Aspergilloma in combination with adenocarcinoma of the lung
© Smahi et al; licensee BioMed Central Ltd. 2011
Received: 26 October 2010
Accepted: 27 February 2011
Published: 27 February 2011
A 60 year old male with a long standing history of smoking was referred to our department for surgery of aspergilloma in right upper lung lobe diagnosed by computed tomography and confirmed by computed tomography guided needle aspiration biopsy. A lobectomy was performed. Histological study of the surgical specimen revealed a pulmonary adenocarcinoma associated with aspergilloma. By presenting this case we suggest that every case of pulmonary aspergillome should be examined for malignancies, especially in smokers.
In Morocco, pulmonary aspergilloma is most commonly diagnosed in a patient with a healed tuberculous cavity. It rarely affects healthy people with an intact immune response, but those with preexisting structural lung disease, atopy, occupational exposure or impaired immunity are susceptible. Aspergillosis can remain asymptomatic or present with hemoptysis, which can be life-threatening . In this report, we describe a fortuitous discovery of unsuspected lung adenocarcinoma in surgical resection performed for aspergilloma of the right upper lobe.
Twelve months later, the patient is going well with stable X- rays.
Four distinctive patterns of Aspergillus related lung diseases are recognized, as follows: saprophytic colonization, pulmonary aspergilloma, hypersensitivity induced aspergillosis and invasive pulmonary aspergillosis .

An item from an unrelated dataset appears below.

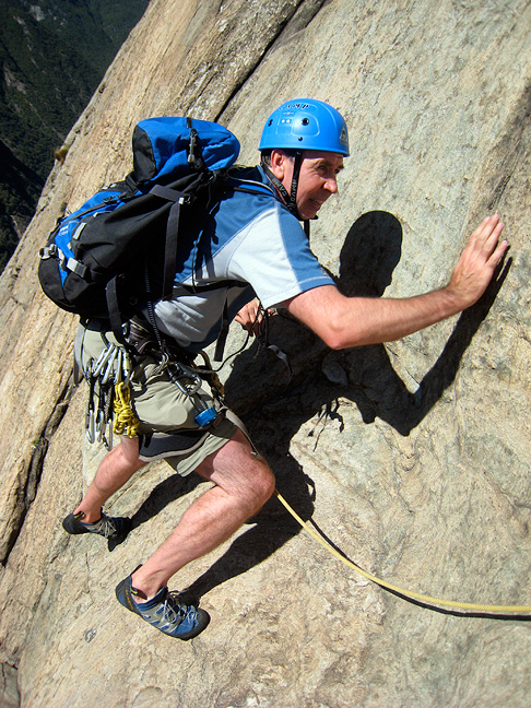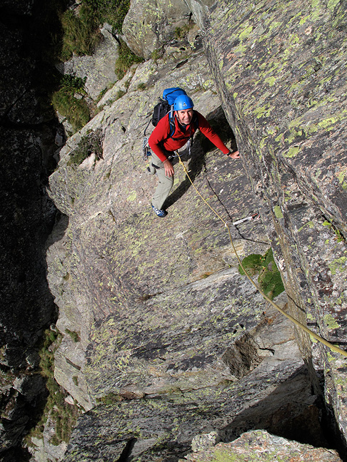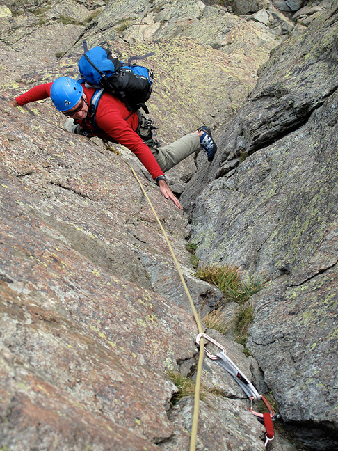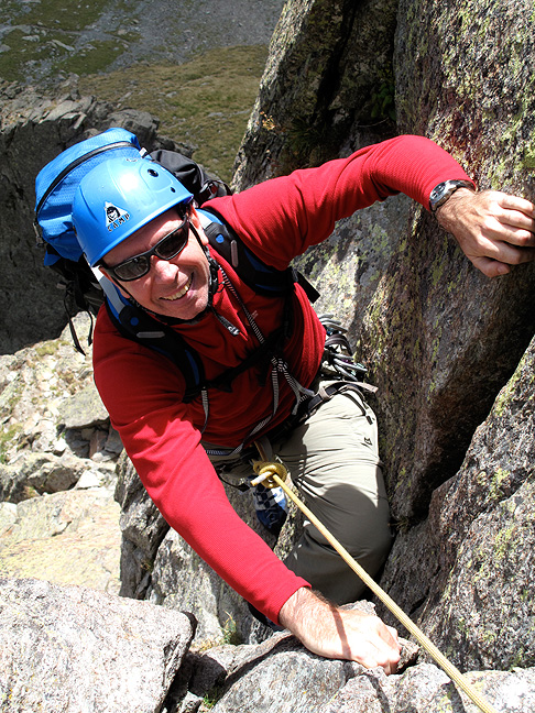 Most of the route is pretty straightforward, but there are a few pitches close to the summit that are dramatically exposed. |

Pulmonary aspergilloma (PA), or intracavitary fungus ball, is commonly found in cavities such as those seen in cases of sequelar tuberculosis, bronchiectasis, lung cyst and abscess, bullae, pulmonary infarcts, cystic fibrosis, histoplasmosis, sarcoidosis, HIV infection and cavitated squamous cell lung cancer . It is typically caused by Aspergillus fumigatus, although other species may be associated with its formation, usually in the upper lung fields. The diagnosis of PA is usually established radiologically by demonstrating the characteristic appearance of the fungus ball and confirmed by Aspergillosis serology and/or by CT guided needle aspiration biopsy, as in the case here present.
In one study, the prevalence of Aspergillus growth in patients with cavitary or non-cavitary bronchogenic carcinoma was reported as being 14.2% , but only a few cases of combined aspergilloma and lung cancer have been reported in the literature  because development of an aspergilloma in a cavity associated with a malignant tumor is very unusual.
In the most of the cases, the diagnosis had not been considered preoperatively. The meniscus or air crescent sign is most often associated with benign diseases such as aspergilloma, however, one should remember that carcinoma can be combined , especially when patient had an anti fungal agent and the image does not change or continues to increase, when the fungus ball-like shadow is fixed to a thick and irregular wall of the cavity and its position is not altered with the patient's movements  and particularly in case of preexisting factor of lung cancer. Frozen section examination of a Wedge excision of aspergilloma performed by video assisted thoracoscopic surgery or thoracotomy must be followed, and when a cancer is combined, a carcinologic surgery and médiastinal lymph node dissection is done.
We suggest that when aspergilloma is found in healthy persons with no risk factors, lung cancer must be ruled out by frozen section of a pulmonary excision of aspergilloma. If combination is confirmed, a carcinologic surgery with mediastinal lymph node dissection must be performed.
Written informed consent was obtained from the patient for publication of this case report and accompanying images. A copy of the written consent is available for review by the Editor-in-Chief of this journal.